(Action item) Take the listing below and write it out again exactly, skipping any picture that it holds.

(Recorded information)
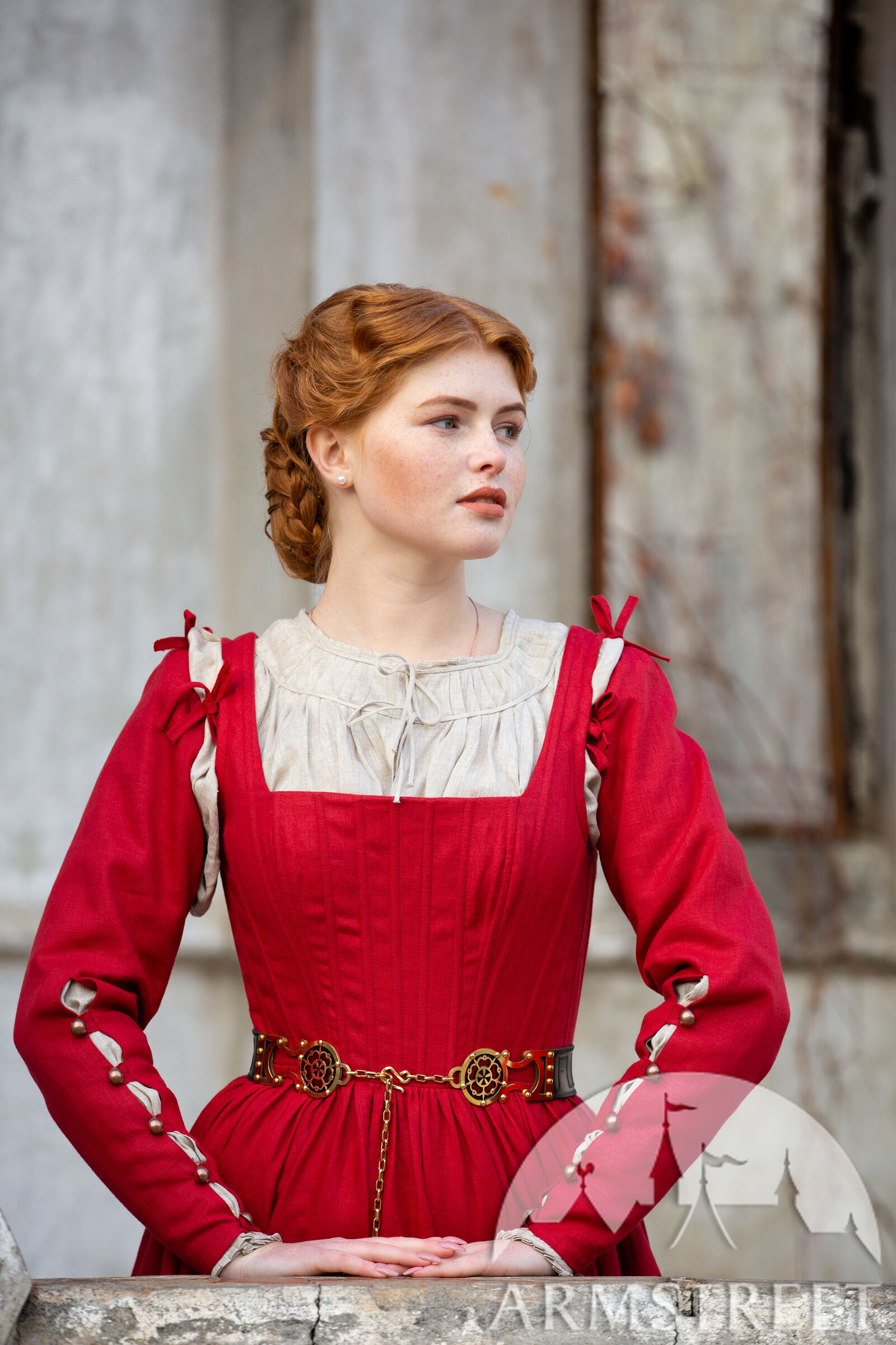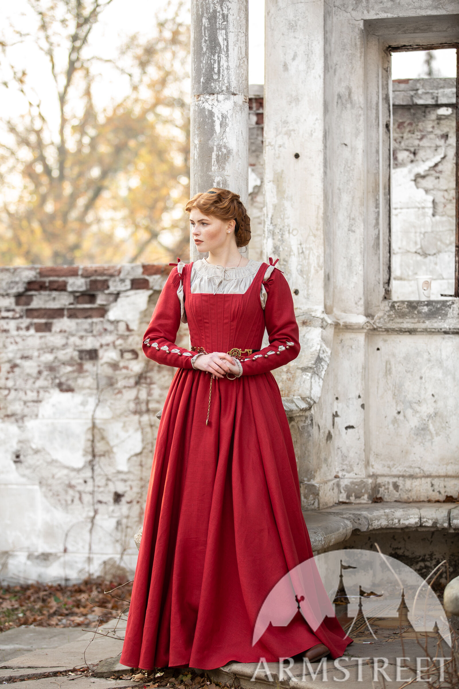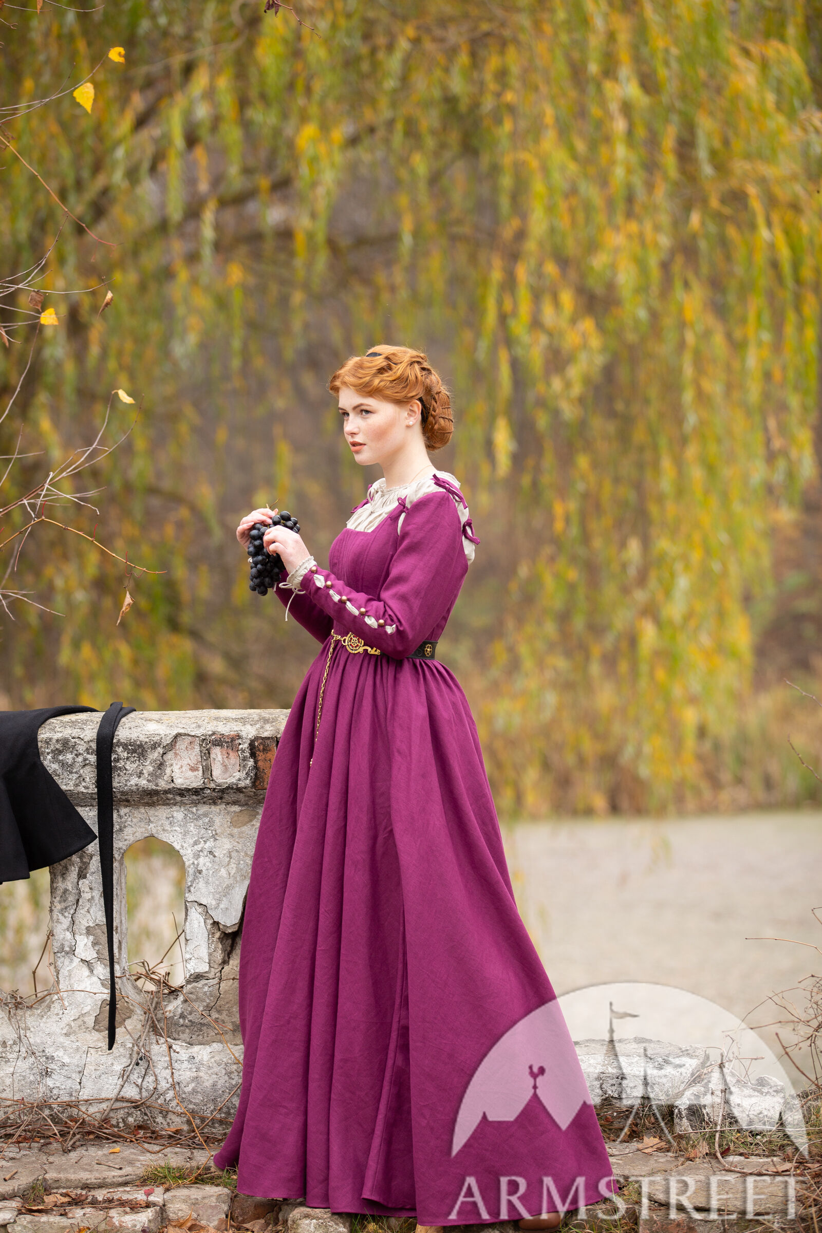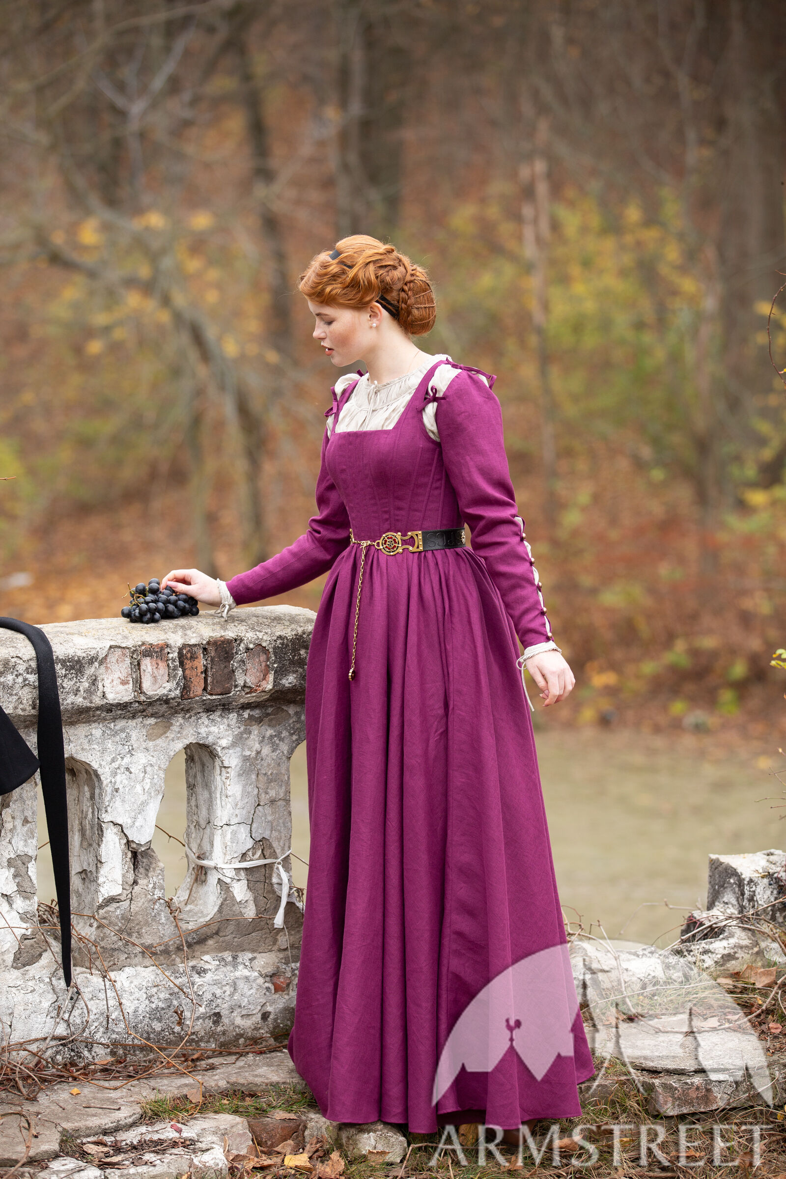 Cette robe a été largement inspirée par le 16e siècle notamment par les tableaux de Woensam. Nous avons constaté l’évolution des tenues basiques de XIV-XV s., elles sont devenues plus structurées avec une ligne de taille plus remontée. Ce type de vêtements seraient portés par une femme de milieu supérieur puisqu’il est difficile de serrer le laçage sur le dos soi-même alors elle a dû avoir une servante ou une domestique. La base de la robe est pourtant luxueusement simple en vous laissant beaucoup d’espace que vous êtes libre de personnaliser à la manière qui convient le mieux à votre personnage. Et qui sait – peut-être votre personnage de paysanne sera assez habile pour serrer elle-même le laçage de dos !
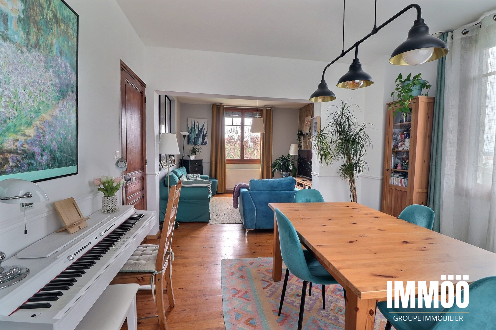 ...Maison comprend une entrée, un séjour, un salon avec insert, une cuisine avec coin repas, un wc...
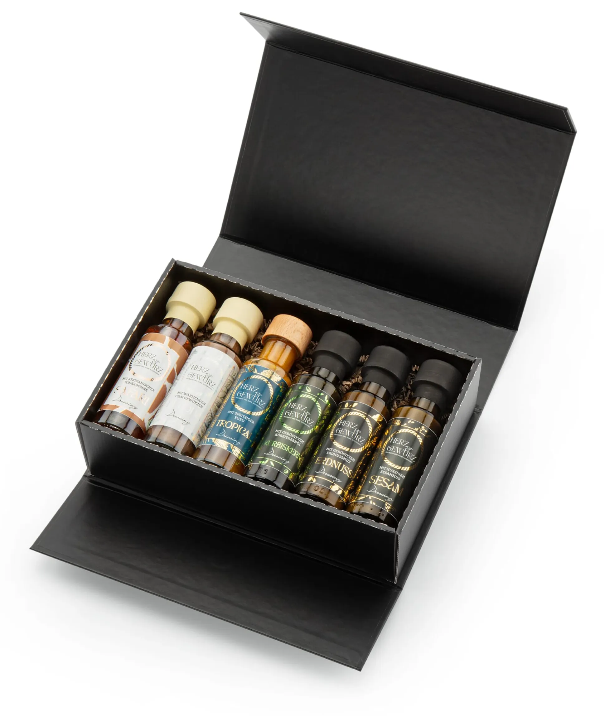 Dieses Probierset zeigt die ganze Geschmackspalette, die Herz & Gewürz bei seinen Produkten bietet. Es enthält je eine kleine Flasche Safari-, Buddha-, Tropical-, Kürbiskern-, Erdnuss- und Sesamdressing.
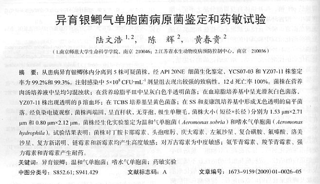 異育銀鯽氣單胞菌病原菌鑒定和藥敏實驗
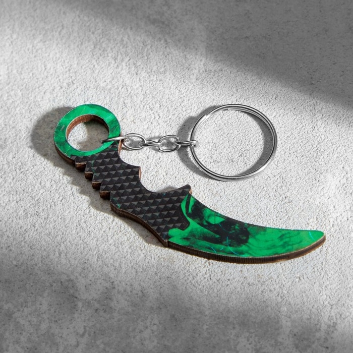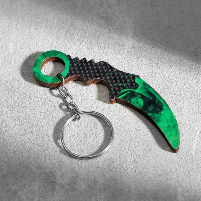 Брелок деревянный "Керамбит" 8х3 см изумруд
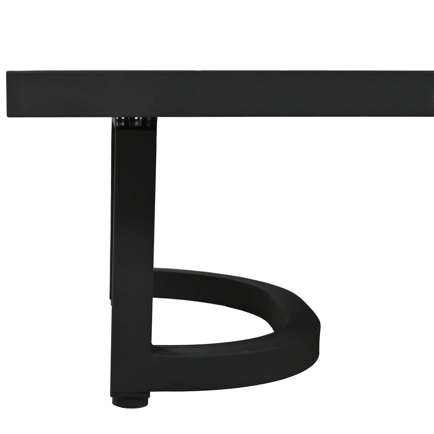 - Table top: Slatted rectangular surface with curved leg supports (steel construction shown).
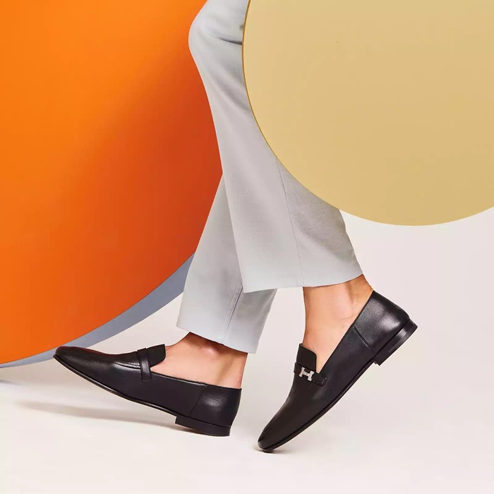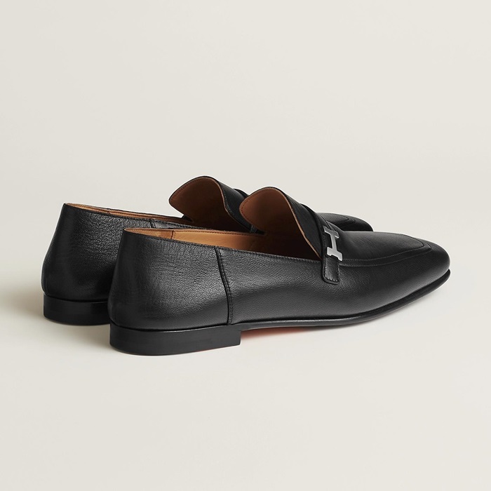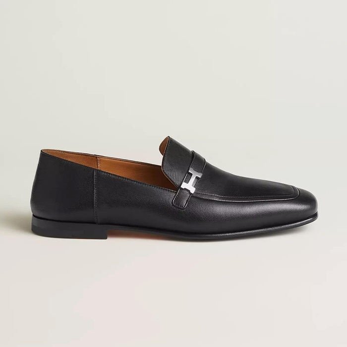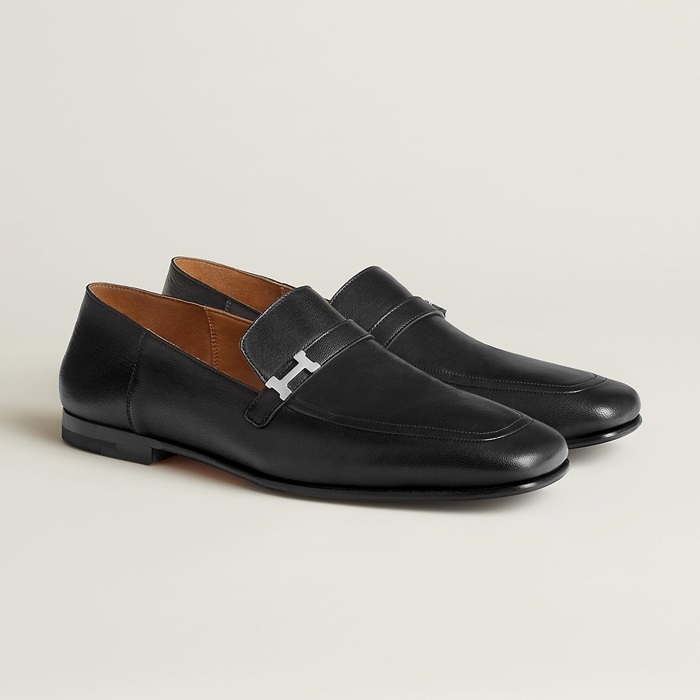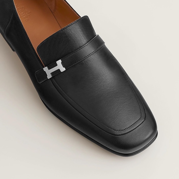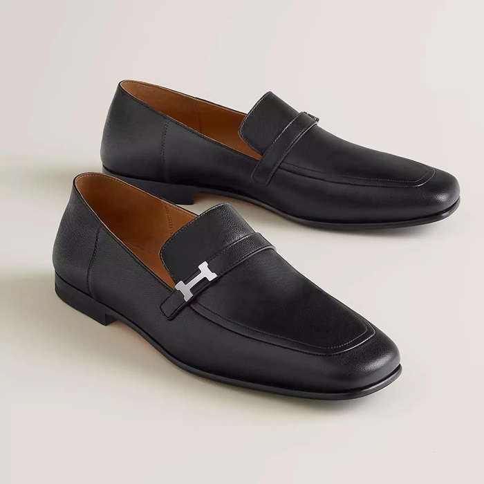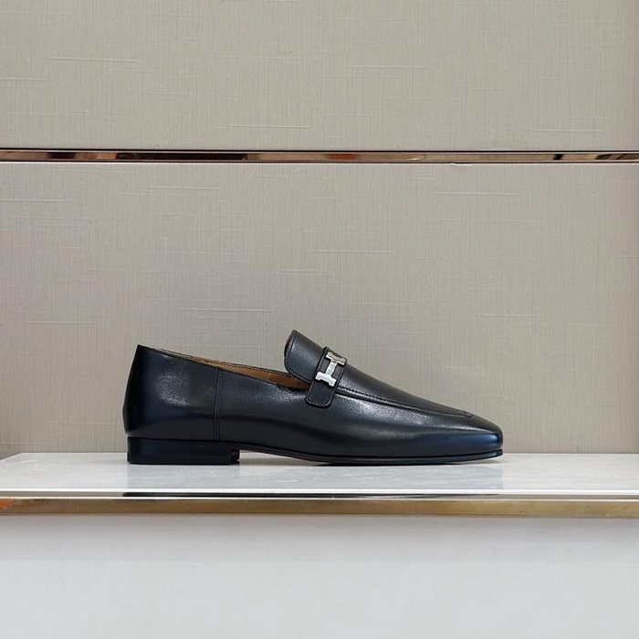 エルメスユニセックスレザーブラックローファーe266
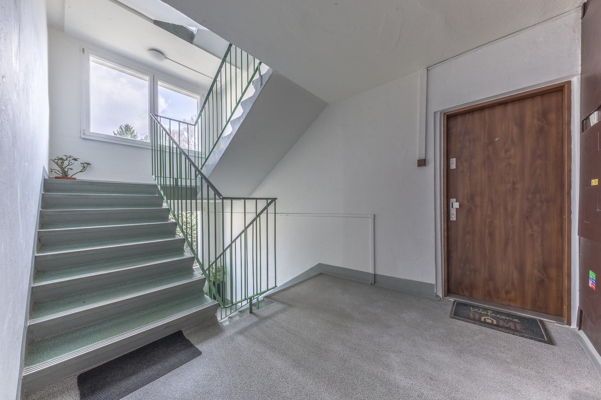 S chodby je vstup do všech místností, takže pokoje jsou neprůchozí s výhledem do zahrady. K domu patří společná zahrada která je dostupná pro všechny bytové jednotky.
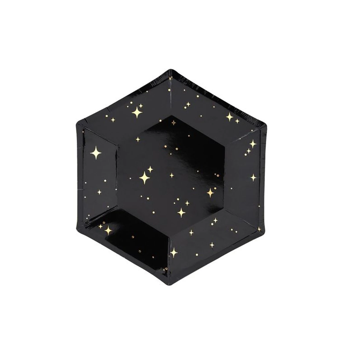 Papírtányérok Ünnepeljünk fekete színben, arany mintával, átmérője kb. 20 cm.
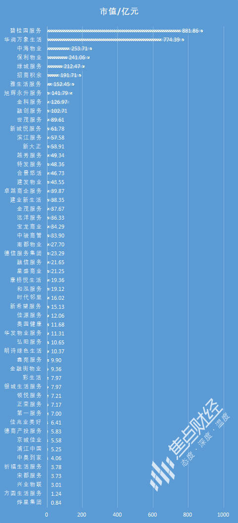 截至2022年5月17日,52家上市物企中,无物企市值超千亿,仅有市值超百亿。其中,行业龙头碧桂园服务市值为881亿元,虽稳居市值排名前列,却较去年2000亿的先进市值跌了千亿。华润万象生活以774亿的市值排在第二;随后,300亿-500亿市值出现“断层”,第三位的中海物业仅有253亿元市值,另外还有17家物企市值不足10亿,两极分化明显。

(Written solution)
 Cette robe a été largement inspirée par le 16e siècle notamment par les tableaux de Woensam. Nous avons constaté l’évolution des tenues basiques de XIV-XV s., elles sont devenues plus structurées avec une ligne de taille plus remontée. Ce type de vêtements seraient portés par une femme de milieu supérieur puisqu’il est difficile de serrer le laçage sur le dos soi-même alors elle a dû avoir une servante ou une domestique. La base de la robe est pourtant luxueusement simple en vous laissant beaucoup d’espace que vous êtes libre de personnaliser à la manière qui convient le mieux à votre personnage. Et qui sait – peut-être votre personnage de paysanne sera assez habile pour serrer elle-même le laçage de dos !
 ...Maison comprend une entrée, un séjour, un salon avec insert, une cuisine avec coin repas, un wc...
 Dieses Probierset zeigt die ganze Geschmackspalette, die Herz & Gewürz bei seinen Produkten bietet. Es enthält je eine kleine Flasche Safari-, Buddha-, Tropical-, Kürbiskern-, Erdnuss- und Sesamdressing.
 異育銀鯽氣單胞菌病原菌鑒定和藥敏實驗
 Брелок деревянный "Керамбит" 8х3 см изумруд
 - Table top: Slatted rectangular surface with curved leg supports (steel construction shown).
 エルメスユニセックスレザーブラックローファーe266
 S chodby je vstup do všech místností, takže pokoje jsou neprůchozí s výhledem do zahrady. K domu patří společná zahrada která je dostupná pro všechny bytové jednotky.
 Papírtányérok Ünnepeljünk fekete színben, arany mintával, átmérője kb. 20 cm.
 截至2022年5月17日,52家上市物企中,无物企市值超千亿,仅有市值超百亿。其中,行业龙头碧桂园服务市值为881亿元,虽稳居市值排名前列,却较去年2000亿的先进市值跌了千亿。华润万象生活以774亿的市值排在第二;随后,300亿-500亿市值出现“断层”,第三位的中海物业仅有253亿元市值,另外还有17家物企市值不足10亿,两极分化明显。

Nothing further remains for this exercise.